Instructions to follow:
Leaving out all pictures, transcribe the lines below exactly, from the first through the line containing "Cream cardigan from".
(Source material)
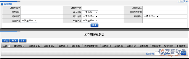 在上一個模塊中新建的庫存調(diào)撥單,都會顯示在【庫存調(diào)撥單列表】中。所有的庫存調(diào)撥單可以通過:調(diào)撥單編號、調(diào)撥單主題、調(diào)撥申請人、要貨部門等相關(guān)條件進(jìn)行模糊查詢
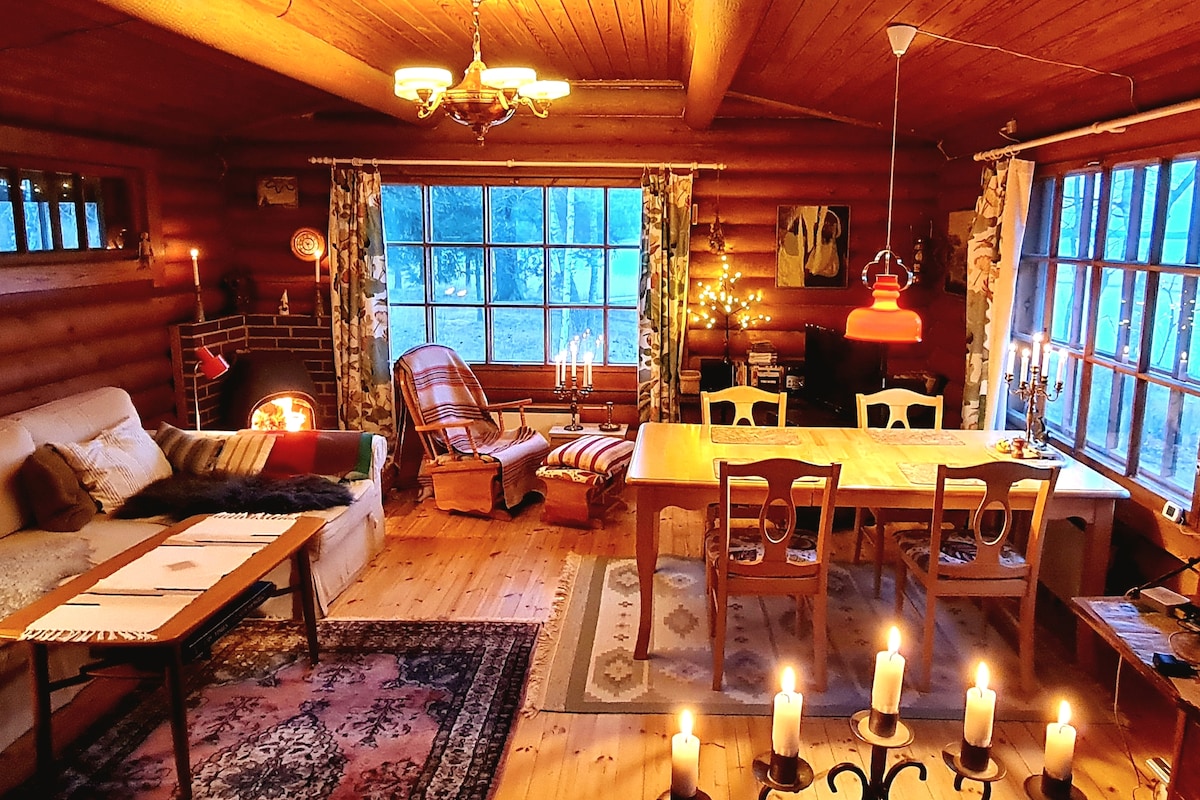 The cottage is located on a large 3.5-hectare lot in a secluded area surrounded by small ponds. You can enjoy the gentle heat of the wood sauna and then relax in the warm water of the hot tub. At sunset, you can see moose, deer, and other forest animals grazing in the nearby field from the terrace. You can also head to the nearby forests to pick mushrooms and berries and prepare dinner from them. Small pets are allowed!
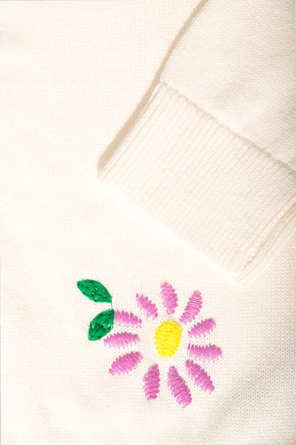 Cream cardigan from Stella McCartney Kids. Made of cotton, this style fastens via buttons and features a V-shaped neckline, long sleeves and colourful graphic embroidery with flowers all over.
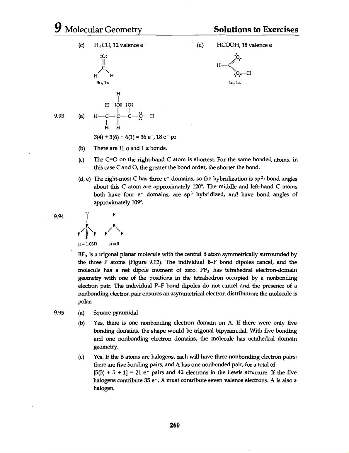 9 Molecular Geometry Solutions to Exercises (c) 12 valence (d) HCOOH, 18 valence e- H C C H H 3σ, 1π 4σ, 1π H H 9.93 (a) H C C C H H H 3(4) + 3(6) + 6(1) = 36 18 e- pr (b) There are 11 σ and 1 π bonds. (c) The C=O on the right-hand C atom is shortest. For the same bonded atoms, in this case C and O, the greater the bond order, the shorter the bond. (d, e) The right-most C has three e- domains, so the hybridization is sp²; bond angles about this C atom are approximately 120°. The middle and left-hand C atoms both have four e- domains, are sp³ hybridized, and have bond angles of approximately 109°. 9.94 F P B F F F F F µ = 1.03D BF₃ is a trigonal planar molecule with the central atom symmetrically surrounded by the three F atoms (Figure 9.12). The individual B-F bond dipoles cancel, and the molecule has a net dipole moment of zero. PF₃ has tetrahedral electron-domain geometry with one of the positions in the tetrahedron occupied by a nonbonding electron pair. The individual P-F bond dipoles do not cancel and the presence of a nonbonding electron pair ensures an asymmetrical electron distribution; the molecule is polar. 9.95 (a) Square pyramidal (b) Yes, there is one nonbonding electron domain on A. If there were only five. bonding domains, the shape would be trigonal bipyramidal. With five bonding and one nonbonding electron domains, the molecule has octahedral domain geometry. (c) Yes. If the B atoms are halogens, each will have three nonbonding electron pairs; there are five bonding pairs, and A has one nonbonded pair, for a total of [5(3) + 5 + 1] = 21 e- pairs and 42 electrons in the Lewis structure. If the five halogens contribute 35 e-, A must contribute seven valence electrons. A is also a halogen. 260
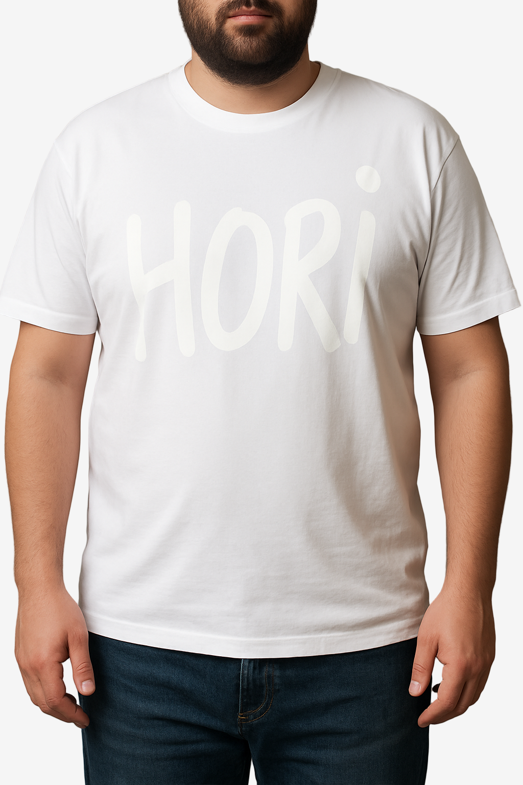 Lovely white tee with Hori logo on the front, also in white. Plain back. 100% Cotton.
(End Source material)
Solution to this exercise:
 在上一個模塊中新建的庫存調(diào)撥單,都會顯示在【庫存調(diào)撥單列表】中。所有的庫存調(diào)撥單可以通過:調(diào)撥單編號、調(diào)撥單主題、調(diào)撥申請人、要貨部門等相關(guān)條件進(jìn)行模糊查詢
 The cottage is located on a large 3.5-hectare lot in a secluded area surrounded by small ponds. You can enjoy the gentle heat of the wood sauna and then relax in the warm water of the hot tub. At sunset, you can see moose, deer, and other forest animals grazing in the nearby field from the terrace. You can also head to the nearby forests to pick mushrooms and berries and prepare dinner from them. Small pets are allowed!
 Cream cardigan from Stella McCartney Kids. Made of cotton, this style fastens via buttons and features a V-shaped neckline, long sleeves and colourful graphic embroidery with flowers all over.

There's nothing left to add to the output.